■ **ENTRIES SUPPLIED**:

Start of Block

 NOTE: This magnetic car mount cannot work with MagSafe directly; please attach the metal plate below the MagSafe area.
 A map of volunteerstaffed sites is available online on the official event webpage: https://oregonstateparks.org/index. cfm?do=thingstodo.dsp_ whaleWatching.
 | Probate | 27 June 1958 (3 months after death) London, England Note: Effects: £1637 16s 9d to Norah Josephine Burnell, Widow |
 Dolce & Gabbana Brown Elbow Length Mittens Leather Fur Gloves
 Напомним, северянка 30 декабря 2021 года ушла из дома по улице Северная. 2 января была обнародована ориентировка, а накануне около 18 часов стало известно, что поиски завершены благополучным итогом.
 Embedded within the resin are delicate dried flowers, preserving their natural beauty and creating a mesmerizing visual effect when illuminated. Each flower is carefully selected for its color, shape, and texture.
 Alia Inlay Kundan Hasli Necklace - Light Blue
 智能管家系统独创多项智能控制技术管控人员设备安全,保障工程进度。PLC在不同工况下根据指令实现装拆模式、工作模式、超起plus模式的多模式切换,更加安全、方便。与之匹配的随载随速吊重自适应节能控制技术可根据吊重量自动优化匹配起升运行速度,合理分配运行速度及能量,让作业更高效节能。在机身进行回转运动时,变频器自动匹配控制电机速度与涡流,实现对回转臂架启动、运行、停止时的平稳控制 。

End of Block
Start of Block

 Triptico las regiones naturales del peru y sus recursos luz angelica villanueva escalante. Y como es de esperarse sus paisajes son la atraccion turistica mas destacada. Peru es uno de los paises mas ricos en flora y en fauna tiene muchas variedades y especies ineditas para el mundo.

End of Block

■ **THE TASK**:
Only the lines above starting at the line that holds "Burnell, Widow |" and ending at the line that holds "智能管家系统独创多项智能控制" are to be repeated, exactly and in full.

■ **TASK SOLUTION**:
 | Probate | 27 June 1958 (3 months after death) London, England Note: Effects: £1637 16s 9d to Norah Josephine Burnell, Widow |
 Dolce & Gabbana Brown Elbow Length Mittens Leather Fur Gloves
 Напомним, северянка 30 декабря 2021 года ушла из дома по улице Северная. 2 января была обнародована ориентировка, а накануне около 18 часов стало известно, что поиски завершены благополучным итогом.
 Embedded within the resin are delicate dried flowers, preserving their natural beauty and creating a mesmerizing visual effect when illuminated. Each flower is carefully selected for its color, shape, and texture.
 Alia Inlay Kundan Hasli Necklace - Light Blue
 智能管家系统独创多项智能控制技术管控人员设备安全,保障工程进度。PLC在不同工况下根据指令实现装拆模式、工作模式、超起plus模式的多模式切换,更加安全、方便。与之匹配的随载随速吊重自适应节能控制技术可根据吊重量自动优化匹配起升运行速度,合理分配运行速度及能量,让作业更高效节能。在机身进行回转运动时,变频器自动匹配控制电机速度与涡流,实现对回转臂架启动、运行、停止时的平稳控制 。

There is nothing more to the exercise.